The only written evidence produced by the plaintiff, Martha Hinson, is an act sous seing privé of the following tenor :
“ October 22, 1846.
“ Know all men by these presents, that I, John Hinson, doth loan a negro girl by the name of Ohat, to iny daughter, Martha Beard, that is to remain in her hands until I call for; and if I call not, the said girl and increase to remain to my daughter’s heirs. (Signed) John Hinson.”
This act is dated just before the removal of Martha Hinson, with her husband, Beard, to Louisiana. But she had possession of the negro before this date, and indeed for the greater part of the time since 1842.
Her counsel contend that the act of October 22d, 1846, was a recognitive act, which acknowledged a previous donation. We draw quite the opposite conclusion from this instrument. It was given to her on the eve of her removal to Louisiana, and was probably intended to guard against any inference being drawn from her continual possession, that she had an absolute title.
But it is contended that the property vested in Martha Hinson, by reason of her three years’ possession in Alabama, and we are referred to the statute of that State concerning frauds and fraudulent conveyances, in support of the position. Clays’ Ala. Dig. p. 254, s. 2.
But that statute was evidently designed only to protect creditors of, and purchasers from, the party in possession ; as to them only, a lo anor a conveyance,
This case is not complicated by any consideration of the rights of creditors or purchasers, and we do not find that a title vested in the plaintiff by the laws of Alabama.

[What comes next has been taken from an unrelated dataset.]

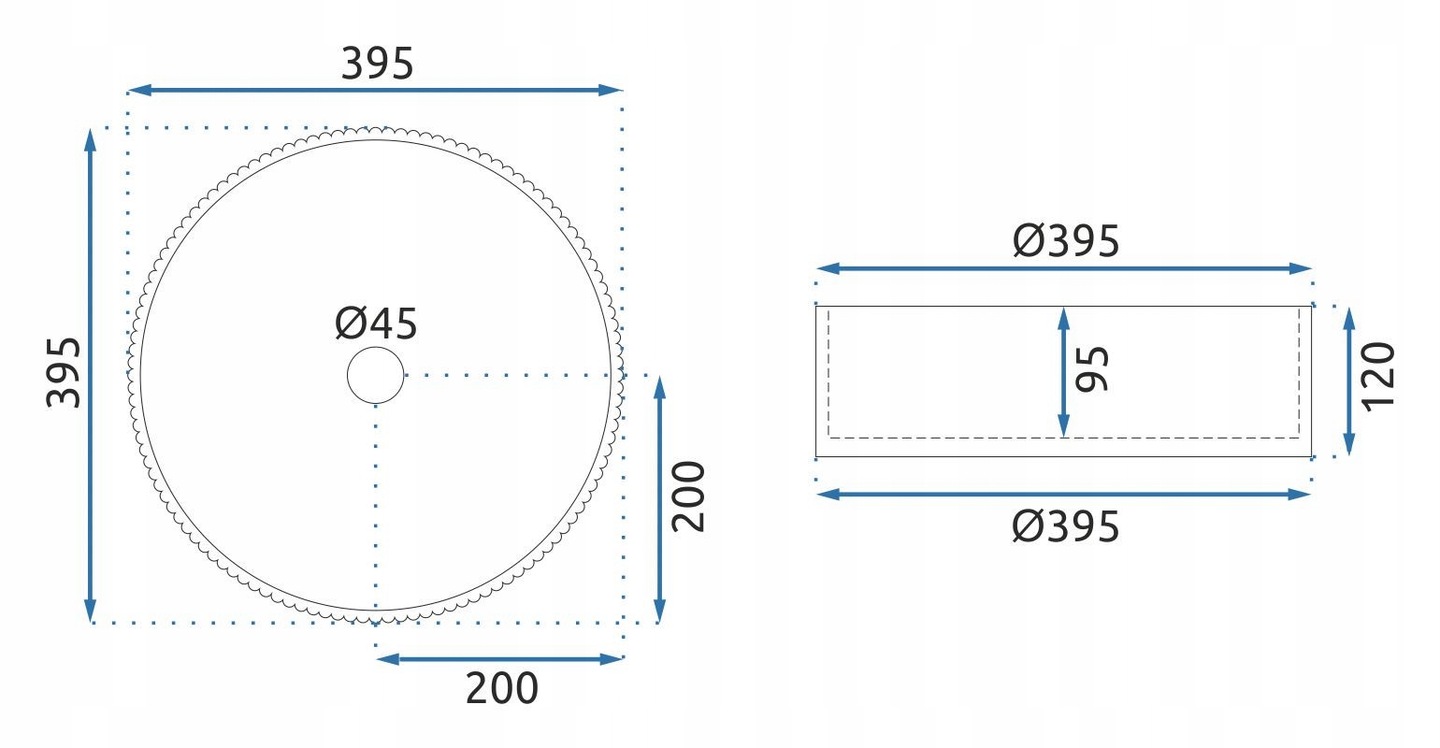 - Ширина умивальника: 395 мм

She cannot have acquired the slave by prescription in Louisiana, for, holding under the precarious title we have recited, she did not possess as owner.
The plaintiff’s sale to Boss, with the faculty of redemption, of which she after-wards availed herself, left matters where' they stood before ; one who possesses property without a title, cannot acquire title by selling the property and buying it back.
Martha Hinson, then, has failed to establish her title to the slave.
Robert M. Hinson claims under a deed from John Hinson, of the following tenor:
“State oe Alabama, Lowndes County.
“ Know all men by these presents, that John Hinson, of said county and State, for and in consideration of the sum of seven hundred dollars to me in hand paid, I have granted, bargained, sold, and by these presents do hereby grant, bargain and sell, unto my son, Robert M. Hinson, a certain negro girl, named Ghat or Charity, aged about eighteen years, of dark complexion, now in the possession of Martha Beard, of the parish of Morehouse, to have and to hold unto the said Robert M. Hinson, all my right, title and interest thereto, his heirs and assigns, to his and their own proper use, benefit and behoof, forever, in fee simple.
“In testimony whereof, I have hereunto signed my name in presence of the undersigned witnesses, this, the 12th day of April, A. D., 1851.
“(Signed,) John Hinson.”
It is objected by the plaintiff, that this deed is void, because it was unaccompanied by a delivery of the property. The vendor gave the vendee a delivery order on his daughter, the plaintiff herself, to whom, by her own showing, he had loaned the slave subject to his call. She surely cannot be permitted to set up her own refusal to obey this order, as a reason for defeating the defendant’s title.
Again : it is objected that there was no real consideration for the sale. The plaintiff has pleaded no such defence to the suit of Robert Hinson, as to authorize her to inquire into the consideration.
Lastly: it is said that at the time of the execution of the deed, John Hin-son, was incapable of contracting, by reason of insanity.
This plea is not established to our satisfaction. It appears that in 1840, an accident befell him, which had the effect somewhat to impair his intellect. In 1849, an inquisitio de lunático inquirendo, was had before the Orphans’ Court of Lowndes county, with a view to test the question and to appoint a guardian for him, if it should be found necessary; but a jury of his neighbors found that he was capable of taking care of himself and his property, whereupon the proceedings were dismissed.
It is not shown that he became any worse after this investigation, up to the time the act in question was executed, and the presumption is, that he continued capable to transact business. There is also positive evidence to corroborate the presumption.
As we find the verdict of the jury to be in accordance with the law and evidence, it is ordered that the judgment of the District Court rendered in pursuance thereof, be affirmed, with costs.